Another way to use fluid tests is to evaluate the oil which is produced to determine its wax content and its tendency to form paraffin waxes. In addition, the oil may be tested to determine if it has a substantial number of low-end hydrocarbons which may cause a precipitation of a sludge or tar-like substance in the formation.
Once again, the analysis of formation fluids has serious drawbacks in that first, formation conditions can never be truly simulated to determine the actual mixture of the chemicals. Second, the chemicals are not in contact with the free ions that may be released by the formation rock itself. Thirdly, this analysis does not take into account injection of different fluids or chemicals in the past which may have caused formation damage which still exists in the formation. For example, fresh water may have been used in the past, whereas under the current practice of the operator no fresh water ever touches the formation. Finally, this type of analysis does not give any indication of whether there is a mud or filter cake build-up at the formation face nor does it show whether there is a build-up of fines in the formation in the near wellbore region.
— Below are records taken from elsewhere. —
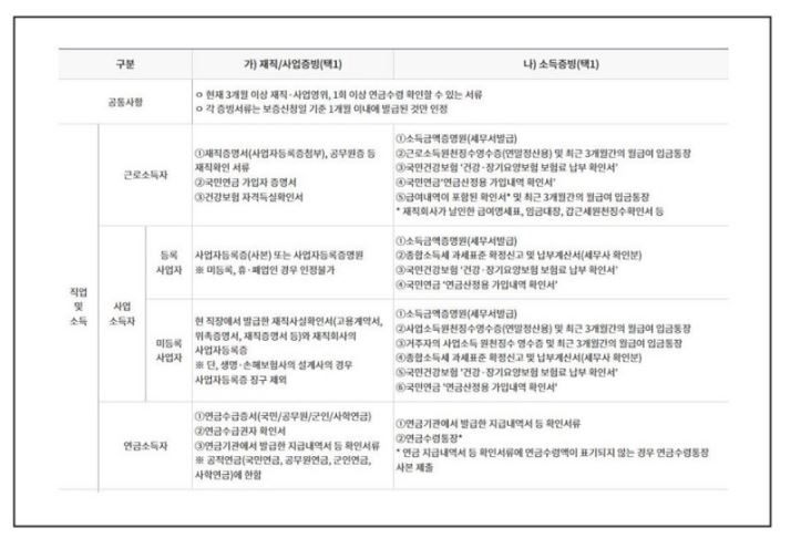 근로소득자 기준: 재직 증명서, 국민연금 가입자 증명서, 건강보험 자격득실 확인서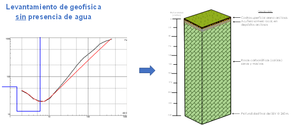 Los datos de campo son procesados por softwares especiales para geofísica e interpretados según la geología del lugar para generar la interpretación litológica del subsuelo y la existencia y profundidad de un acuífero. A continuación se presentan 2 casos de levantamientos de SEV en el área de Cobán, el primero sin presencia de agua y el segundo con presencia de agua.
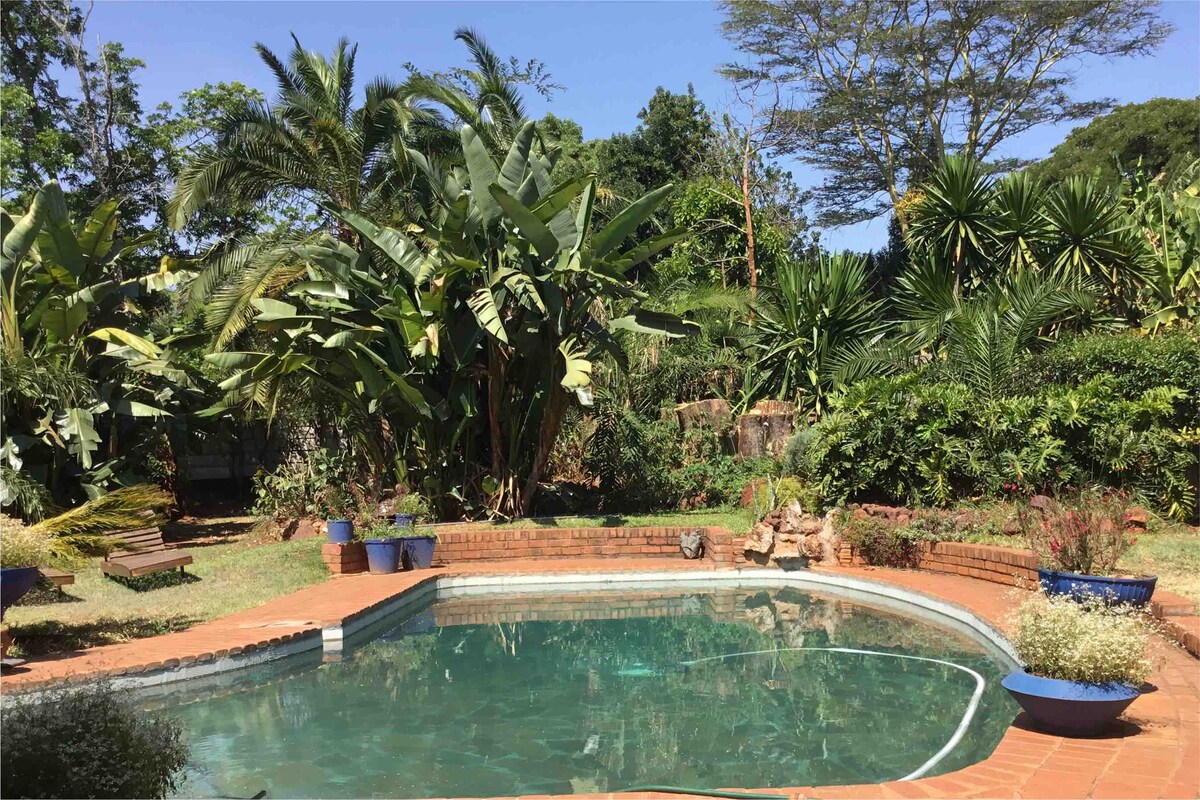 Smeštena u srcu Hararea, smeštena je seoska kuća sa grčkom tematikom, na pešačkoj udaljenosti od dva mesta za kupovinu i popularne lokalne pijace. Okružena vinovom lozom, avokadom, mangom i šapama, ova dobro nameštena seoska kuća sa besplatnim bežičnim internetom idealno je mesto za opuštanje ili da pronađete inspiraciju za sledeći roman. Istražite prelepu zemlju Zimbabve, sa udobnih zidova naše seoske kuće.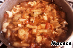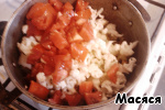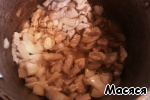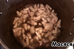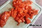 Баклажаны режем крупно, слегка присаливаем и оставляем до появления сока. Сок сливаем.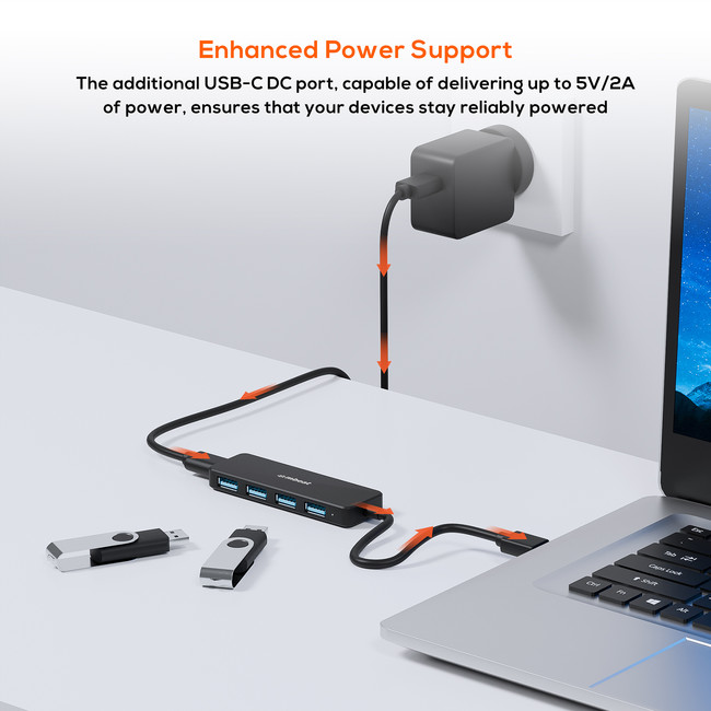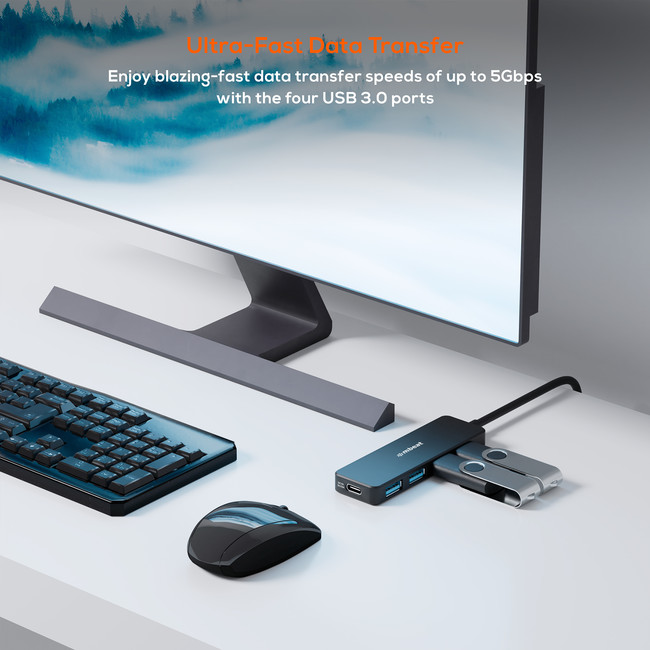 Ultra-Fast Data TransferEnjoy blazing-fast data transfer speeds of up to 5Gbps with the four USB 3.0 ports. This hub ensures rapid and efficient file transfers, saving you valuable time.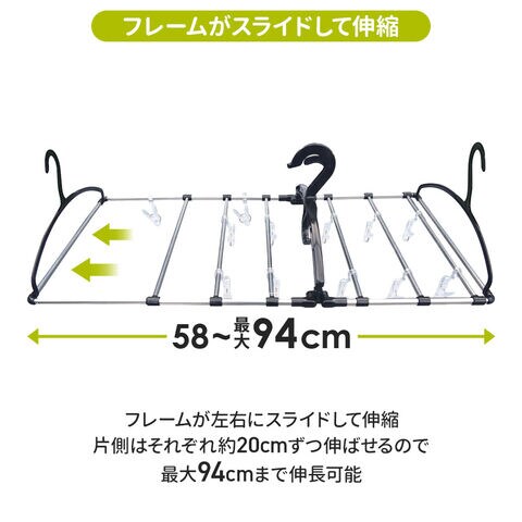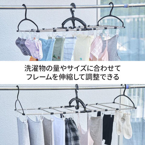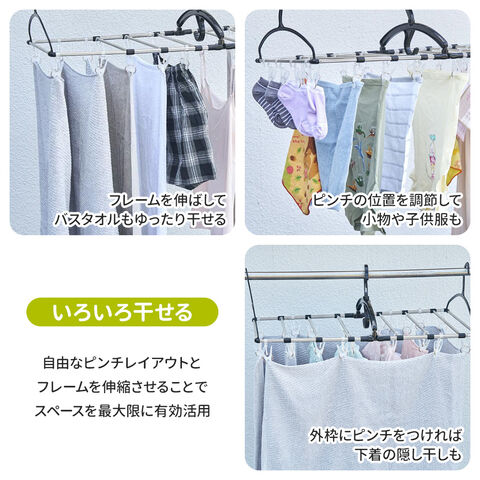 フレームが伸縮して、洗濯物の量に合わせてサイズを調整できるピンチハンガー。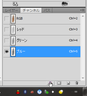 そこで、チャンネルパネル上で「ブルー」を選択してから、パネル下部の丸いボタン(チャンネルを選択範囲として読み込む)を押す(Fig.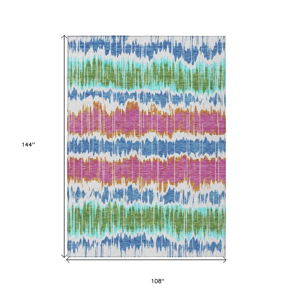 9' X 12' White Blue And Pink Striped Washable Indoor Outdoor Area Rug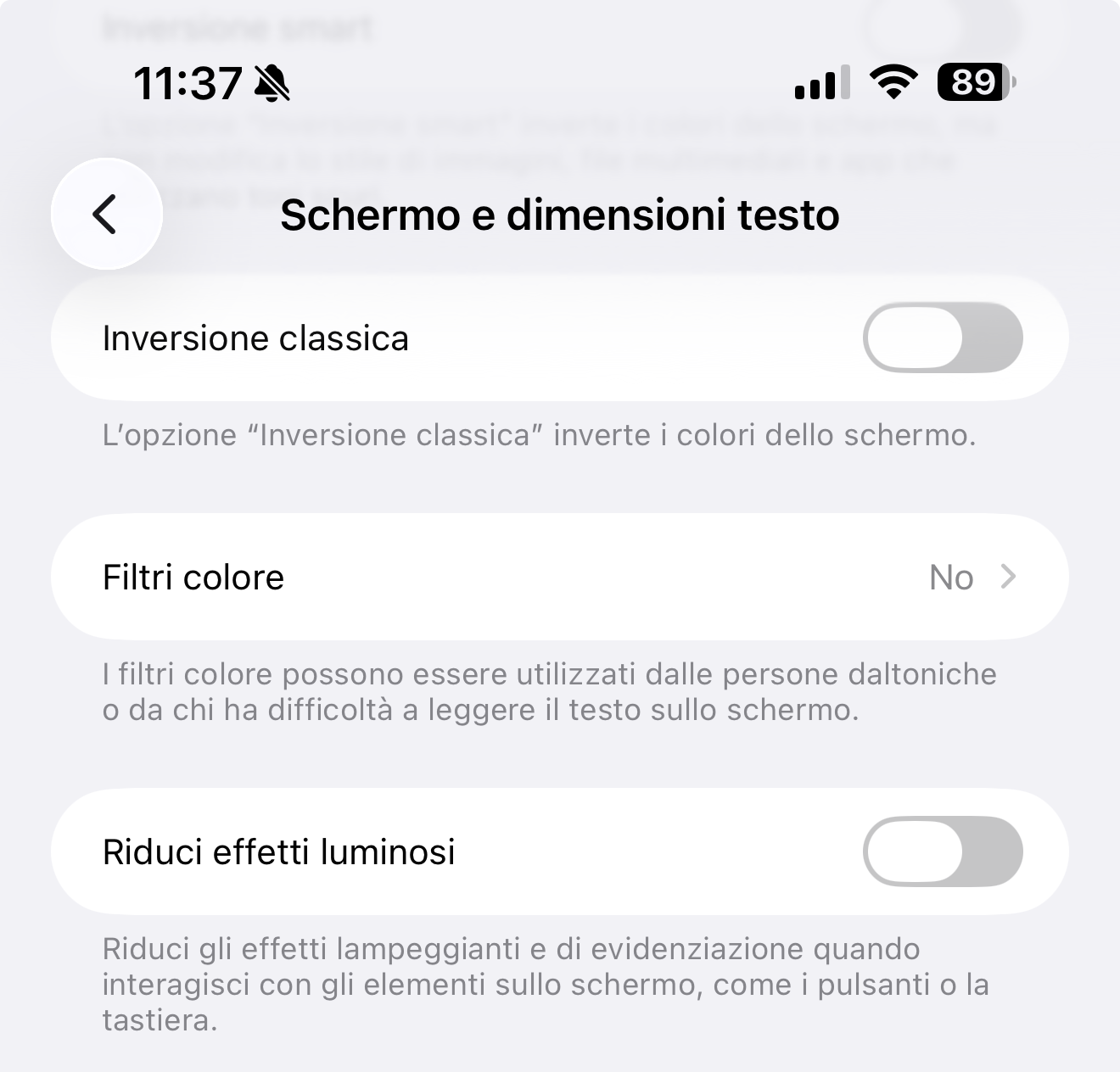 La prima grande novità è l’opzione denominata “Riduci effetti luminosi”, che permette di attenuare i bagliori e i riflessi tipici degli elementi UI di nuova generazione. Secondo la descrizione ufficiale fornita da Apple:

Once again, this method is merely a projection of what hypothetically might be occurring down in the formation itself.
One particular failing of all the methods mentioned above is that they provide no indication of how deep the formation damage extends out from the wellbore into the formation. Some formation damage may only exist within two inches or less from the wellbore whereas some may extend for up to a foot or more. The extent of the damage would greatly affect the design of a treatment which was directed at correcting that formation damage.
A method that can be used to determine the depth of the formation damage out into the reservoir is a pressure build up test. The pressure build up test is performed by shutting the well in for a number of days or even weeks. The wellbore pressure is then recorded using a pressure bomb and charted against time after shut-in. From the pressure versus time graph a skin factor may be calculated. The skin factor then may be used to calculate the permeability of the damaged zone and the depth which the damaged zone extends out into the formation. The pressure build-up method provides no direct information as to the cause of the formation damage. All that is gained is information concerning the severity and depth of the damage. This method can be very expensive because production or injection must cease completely over the entire testing period. A determination of formation damage by the skin factor method can result in erroneous results. The determined skin factor does not differentiate between a positive skin due to formation damage and other factors that may give a false designation. Such factors include wellbore effects, multi-phase flow, turbulent flow and other effects related to the well completion. Since the skin factor method is an indirect measure of formation damage, no "cause-effect" evaluation can be made from a pressure build-up test.
It is clear with the failings of the current formation damage evaluation systems that a new method for directly evaluating the type, severity, and extent of formation damage is needed.